Lang College, Spring 2011, group forum for daily readers' responses and links, media, etc.
READ THIS: PRESENTATIONS
PRESENTATIONS: please take these seriously: they are an important part of your participation in the class. Your job when you present is to lead the discussion on the reading for that day. You may bring in some research, but most of all, you should be very well-prepared with insights, interpretations, and questions about the reading at hand. You may want to begin by summarizing the progress of the plot represented by the excerpt assigned on that day. Then you should have passages picked out for the class to discuss. You may want to be ready, also, with the posts for the day (you can copy and paste them and print them out). The purpose of the presentation is to give more responsibility to the classmembers and de-center the discussion a little bit (although I will still chime in). Here are your assignments, mostly random. 1. Wed. 3/30 Small Things, 84-147, Eidia. 2. 4/4 Small Things, 148-225, Hannah. 3. 4/6 Small Things, ending, Anna. 4. 4/11 Ondaatje, Dan. 5. 4/13 Mukherjee, Michael. 6. 4/18 Poppies, 3-87, Karol. 7. 4/20 Poppies, 88-156, Jason. 8. 4/25 Poppies, 157-226, Joe. 9. 4/27, Poppies, 227-342, Will. 10. 5/2 Poppies, 343-446, Rachel. 11. 5/4 Poppies, finish, Jane.
Sunday, February 27, 2011
Jane-Rushdie-2/28/2011
Throughout the narrative we find ourselves questioning Saleem as a reliable narrator and whether or not he is in fact, insane, which is why is find the opening paragraph of All- India Radio telling about Saleem's interpretation of history to be truthful. At the end of the passage when he says, "I reiterate, without a sense of shame, my unbelievable claim: after a curious accident in a washing-chest, I became a sort of radio" (Rushdie, 189) I was reminded of an earlier passage wherein several villagers find Saleem's grandfather's optimism in the face of revolt and bloodshed disconcerting: "The old men at the paan-shop at the top of Cornwallis Road chewed betel and suspected a trick. I have lived twice as long as I should have,the oldest one said, his voice cracking like an old radio because decades were rubbing up against each other around his vocal chords" (Rushdie, 38).
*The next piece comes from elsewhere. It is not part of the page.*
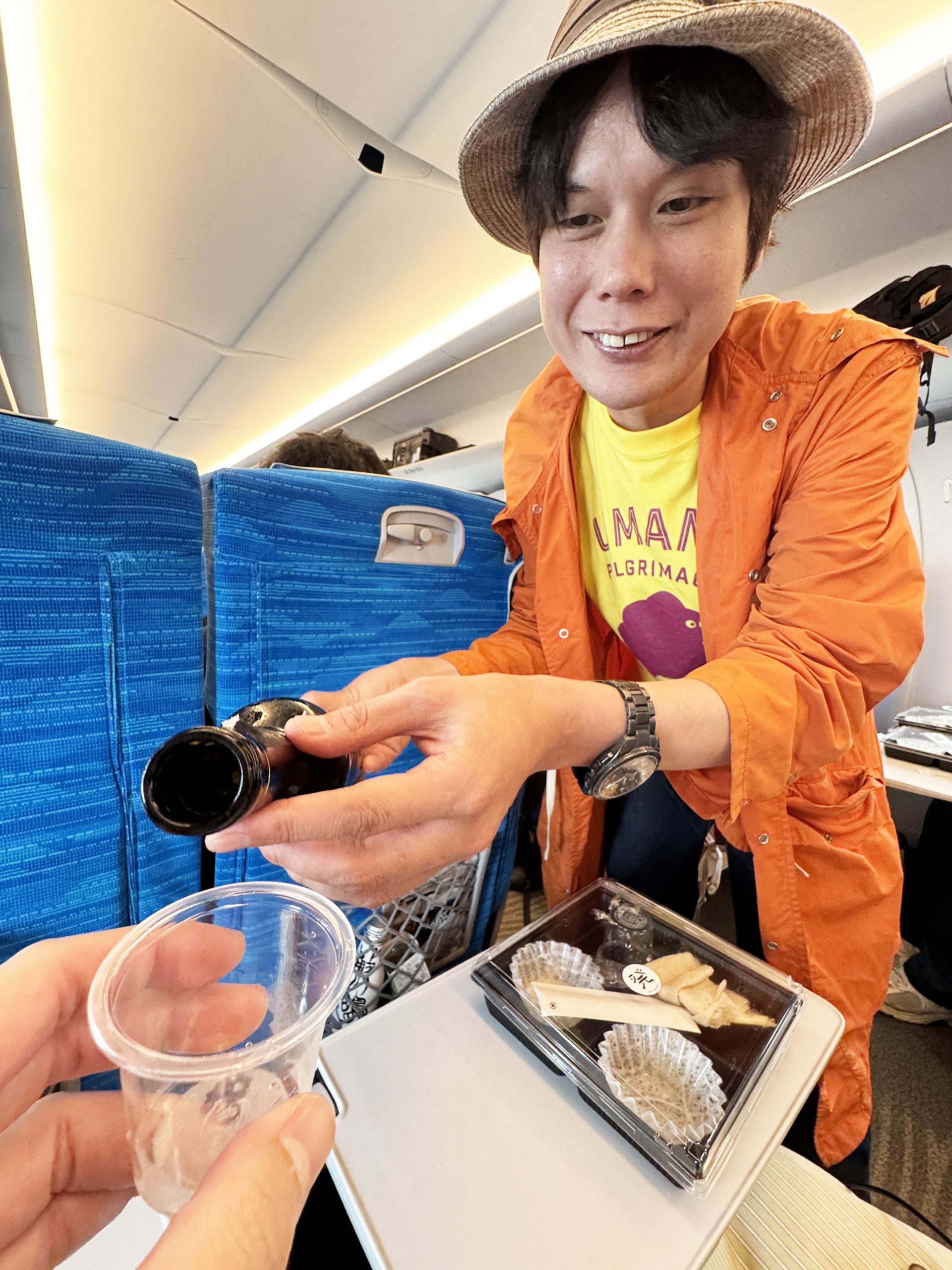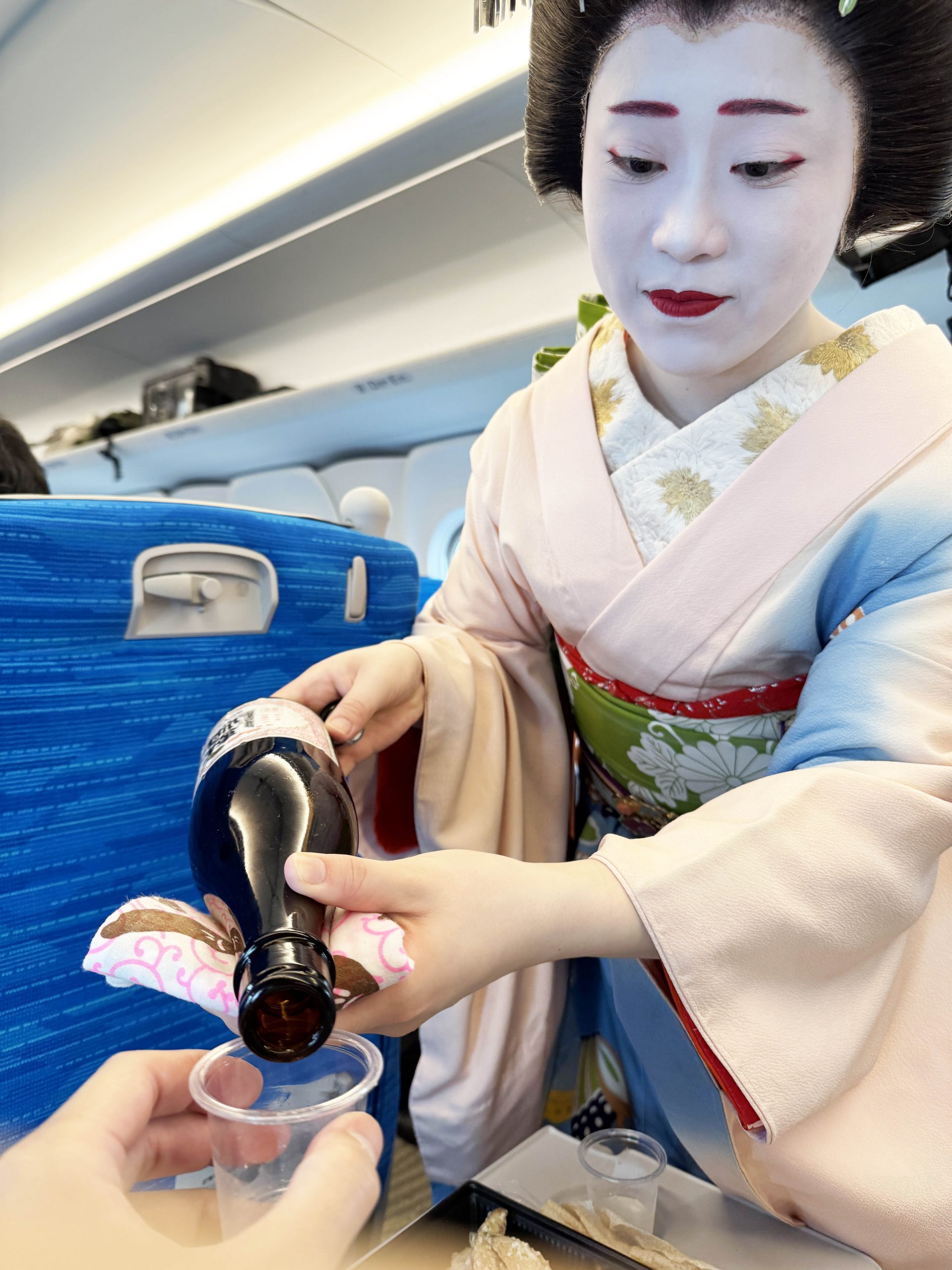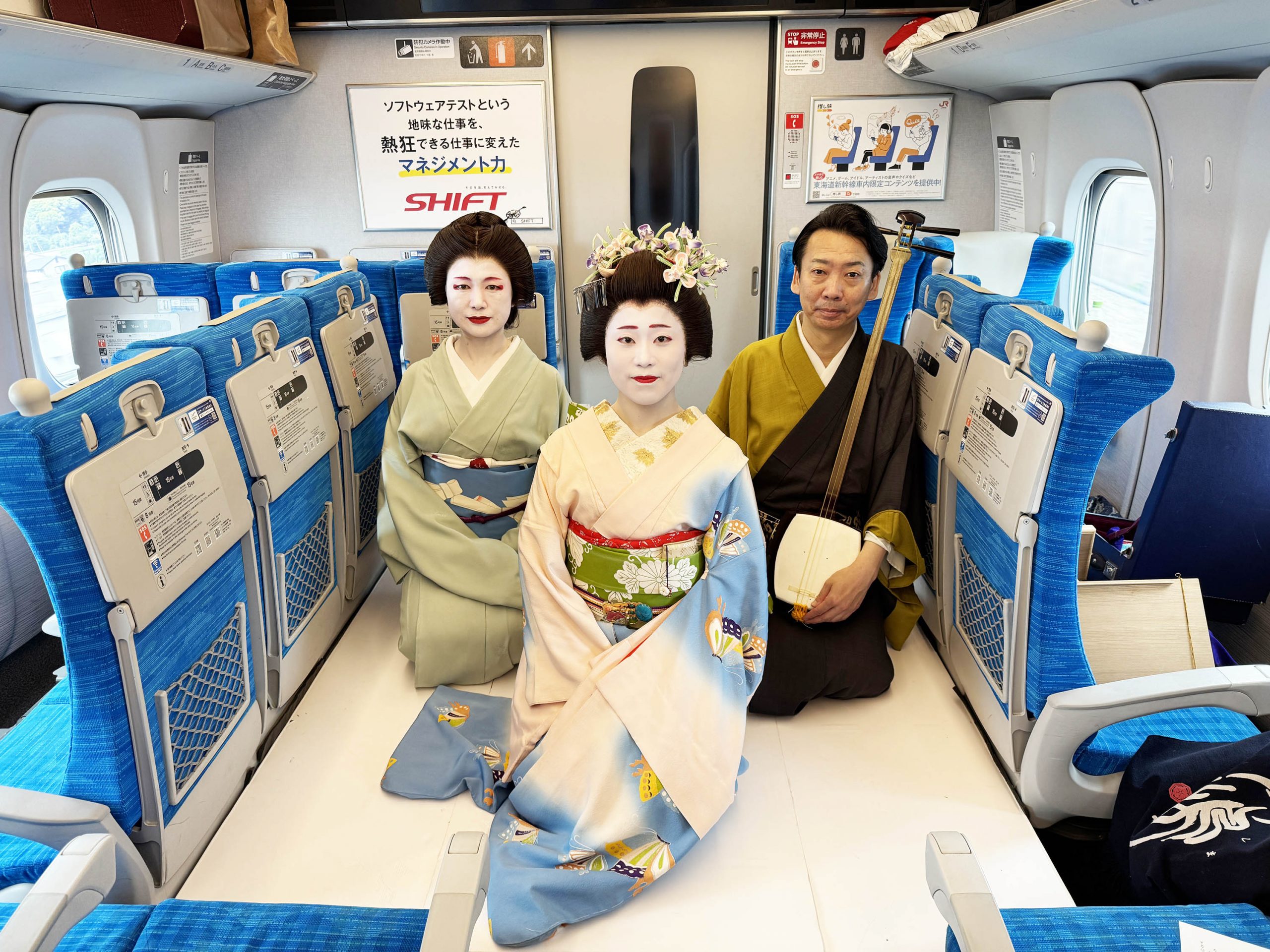 新幹線に乗ったら、芸者さんたちがどんどん日本酒を注ぎに来てくれたんですよ。車内販売じゃあなくて、芸者さんです。そんなことある? 初めての経験。

This seems to correspond to Rushdie's metaphor of the distortion of the movie screen when seen up close to our perception of history when in the present. As another modern device, the likening of the old man to the garbled sounds of a radio being the result of decades past melding into one another speaks further Saleem comparing himself to a radio and whether then we can trust him as a reputable source of knowledge on India's past.